►
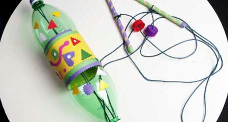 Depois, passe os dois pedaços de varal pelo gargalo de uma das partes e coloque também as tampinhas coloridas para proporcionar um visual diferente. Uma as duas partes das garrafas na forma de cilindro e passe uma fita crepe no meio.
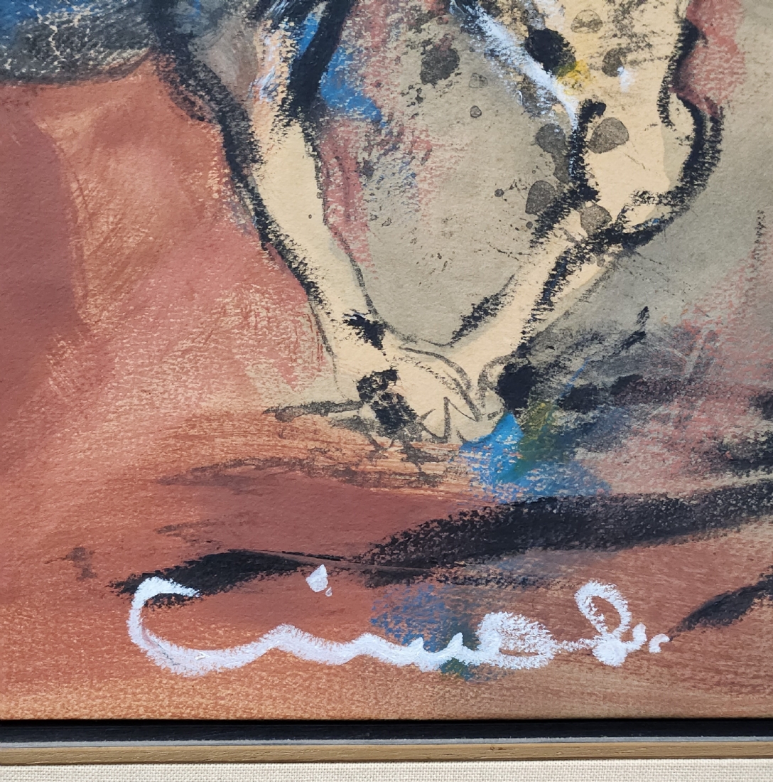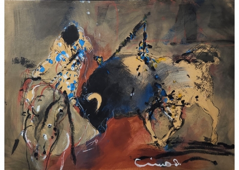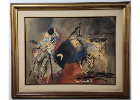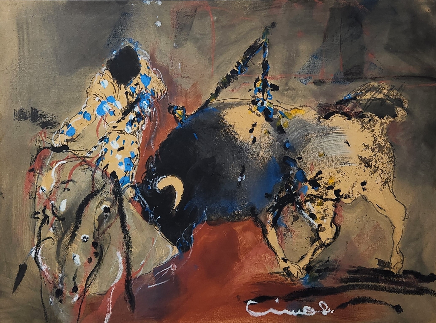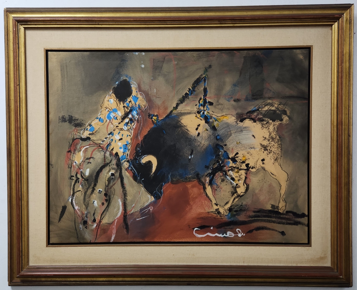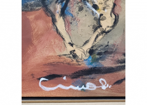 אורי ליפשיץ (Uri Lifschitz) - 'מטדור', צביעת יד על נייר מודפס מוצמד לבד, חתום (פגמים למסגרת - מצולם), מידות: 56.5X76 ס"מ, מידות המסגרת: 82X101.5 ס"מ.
◄
►
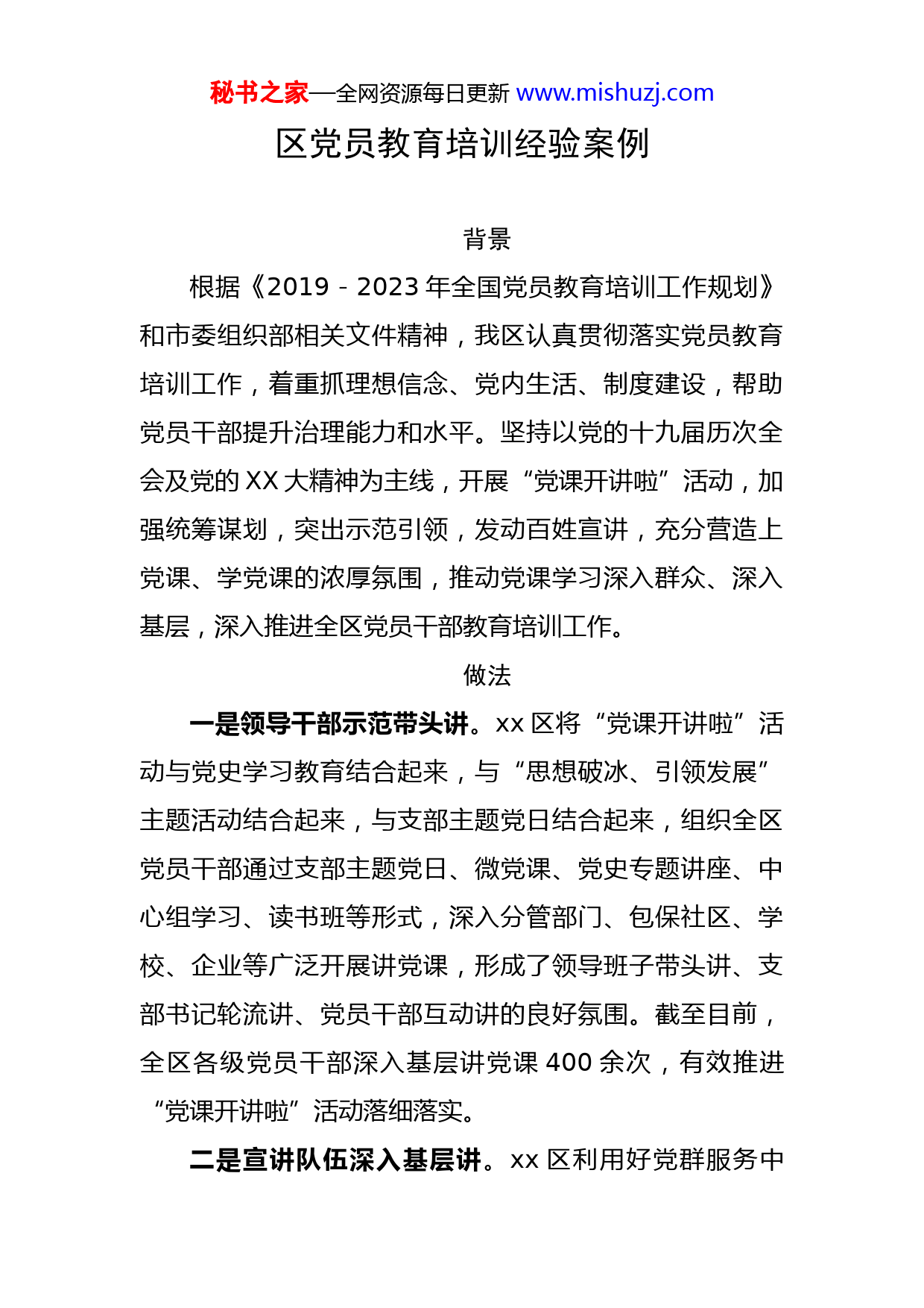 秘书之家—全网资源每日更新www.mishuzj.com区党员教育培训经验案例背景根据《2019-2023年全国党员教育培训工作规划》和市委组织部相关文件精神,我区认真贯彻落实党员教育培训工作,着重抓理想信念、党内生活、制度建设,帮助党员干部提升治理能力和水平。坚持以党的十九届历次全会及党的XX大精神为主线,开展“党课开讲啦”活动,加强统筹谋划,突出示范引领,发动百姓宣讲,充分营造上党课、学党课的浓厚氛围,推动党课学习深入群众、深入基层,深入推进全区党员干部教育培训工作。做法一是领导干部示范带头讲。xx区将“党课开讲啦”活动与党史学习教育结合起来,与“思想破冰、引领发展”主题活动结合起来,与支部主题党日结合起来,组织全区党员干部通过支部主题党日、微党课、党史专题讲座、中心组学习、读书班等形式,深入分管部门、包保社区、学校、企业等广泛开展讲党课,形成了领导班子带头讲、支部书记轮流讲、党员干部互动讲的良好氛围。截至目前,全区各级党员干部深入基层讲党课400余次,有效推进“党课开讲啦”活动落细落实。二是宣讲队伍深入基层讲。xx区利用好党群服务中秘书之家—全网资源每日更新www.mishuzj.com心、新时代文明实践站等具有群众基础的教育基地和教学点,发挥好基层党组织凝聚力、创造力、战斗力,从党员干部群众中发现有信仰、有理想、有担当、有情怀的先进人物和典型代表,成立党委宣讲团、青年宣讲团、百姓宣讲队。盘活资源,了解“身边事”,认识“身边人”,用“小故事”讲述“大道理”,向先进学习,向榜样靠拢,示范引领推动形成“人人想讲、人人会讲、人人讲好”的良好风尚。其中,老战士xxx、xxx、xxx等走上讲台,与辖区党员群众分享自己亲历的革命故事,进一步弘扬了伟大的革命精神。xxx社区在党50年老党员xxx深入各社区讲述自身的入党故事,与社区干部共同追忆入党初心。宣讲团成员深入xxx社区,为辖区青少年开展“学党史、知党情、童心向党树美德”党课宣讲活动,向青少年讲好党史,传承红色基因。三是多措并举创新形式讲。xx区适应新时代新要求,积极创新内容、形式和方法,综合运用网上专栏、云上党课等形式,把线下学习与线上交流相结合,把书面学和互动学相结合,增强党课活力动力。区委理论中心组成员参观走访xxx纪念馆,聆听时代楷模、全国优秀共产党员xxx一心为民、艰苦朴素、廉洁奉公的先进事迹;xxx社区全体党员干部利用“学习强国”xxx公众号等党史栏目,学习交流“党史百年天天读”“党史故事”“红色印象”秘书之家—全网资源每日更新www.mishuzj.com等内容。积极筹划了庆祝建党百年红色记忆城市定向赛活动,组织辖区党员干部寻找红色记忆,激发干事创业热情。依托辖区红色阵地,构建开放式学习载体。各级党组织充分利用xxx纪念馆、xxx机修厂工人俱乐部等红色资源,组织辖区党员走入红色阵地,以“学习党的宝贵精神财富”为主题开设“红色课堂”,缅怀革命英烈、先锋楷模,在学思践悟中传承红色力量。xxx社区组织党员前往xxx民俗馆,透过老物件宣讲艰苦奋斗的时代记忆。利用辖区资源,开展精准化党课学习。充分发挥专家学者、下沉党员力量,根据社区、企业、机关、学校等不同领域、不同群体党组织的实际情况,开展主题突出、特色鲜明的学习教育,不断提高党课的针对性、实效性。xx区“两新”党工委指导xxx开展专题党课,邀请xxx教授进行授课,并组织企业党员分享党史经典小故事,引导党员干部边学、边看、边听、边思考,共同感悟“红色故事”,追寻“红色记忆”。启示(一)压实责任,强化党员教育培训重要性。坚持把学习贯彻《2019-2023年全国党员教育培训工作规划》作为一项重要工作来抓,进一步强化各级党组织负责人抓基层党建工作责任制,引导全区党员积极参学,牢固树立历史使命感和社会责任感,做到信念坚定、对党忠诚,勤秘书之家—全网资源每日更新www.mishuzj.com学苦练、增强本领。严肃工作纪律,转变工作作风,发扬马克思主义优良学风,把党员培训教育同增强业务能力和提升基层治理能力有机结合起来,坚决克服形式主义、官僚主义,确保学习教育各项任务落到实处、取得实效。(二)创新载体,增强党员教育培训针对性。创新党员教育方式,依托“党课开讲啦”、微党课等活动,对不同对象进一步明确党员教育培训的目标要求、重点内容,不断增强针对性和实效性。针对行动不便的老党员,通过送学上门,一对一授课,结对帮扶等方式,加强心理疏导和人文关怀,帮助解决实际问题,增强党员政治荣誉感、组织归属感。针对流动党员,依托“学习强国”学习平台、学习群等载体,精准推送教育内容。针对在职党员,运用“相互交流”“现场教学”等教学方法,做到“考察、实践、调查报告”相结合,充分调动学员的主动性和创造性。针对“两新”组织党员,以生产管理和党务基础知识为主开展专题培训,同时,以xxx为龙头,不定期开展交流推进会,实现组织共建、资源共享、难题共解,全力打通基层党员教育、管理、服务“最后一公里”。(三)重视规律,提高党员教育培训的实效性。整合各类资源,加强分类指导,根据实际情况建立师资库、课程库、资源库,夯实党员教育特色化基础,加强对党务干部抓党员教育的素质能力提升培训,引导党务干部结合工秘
◄
►
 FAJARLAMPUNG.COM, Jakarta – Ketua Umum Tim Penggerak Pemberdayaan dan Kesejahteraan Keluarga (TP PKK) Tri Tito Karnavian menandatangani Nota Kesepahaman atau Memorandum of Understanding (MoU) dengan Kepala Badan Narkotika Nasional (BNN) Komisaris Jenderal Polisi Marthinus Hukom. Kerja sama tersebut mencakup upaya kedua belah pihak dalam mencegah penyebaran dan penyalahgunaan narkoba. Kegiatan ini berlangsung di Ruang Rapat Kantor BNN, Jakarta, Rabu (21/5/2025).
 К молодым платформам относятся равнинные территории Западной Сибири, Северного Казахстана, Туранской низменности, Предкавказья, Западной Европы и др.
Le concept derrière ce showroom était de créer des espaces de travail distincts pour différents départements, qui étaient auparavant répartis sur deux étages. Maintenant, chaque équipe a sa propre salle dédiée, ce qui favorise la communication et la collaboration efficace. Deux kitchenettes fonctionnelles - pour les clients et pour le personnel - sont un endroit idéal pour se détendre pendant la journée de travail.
◄
• **Work task**
Start with the line above that contains "К молодым платформам" and end with the line that contains "Le concept derrière". Write out those lines exactly, and only those.

• **Response box**
 К молодым платформам относятся равнинные территории Западной Сибири, Северного Казахстана, Туранской низменности, Предкавказья, Западной Европы и др.
Le concept derrière ce showroom était de créer des espaces de travail distincts pour différents départements, qui étaient auparavant répartis sur deux étages. Maintenant, chaque équipe a sa propre salle dédiée, ce qui favorise la communication et la collaboration efficace. Deux kitchenettes fonctionnelles - pour les clients et pour le personnel - sont un endroit idéal pour se détendre pendant la journée de travail.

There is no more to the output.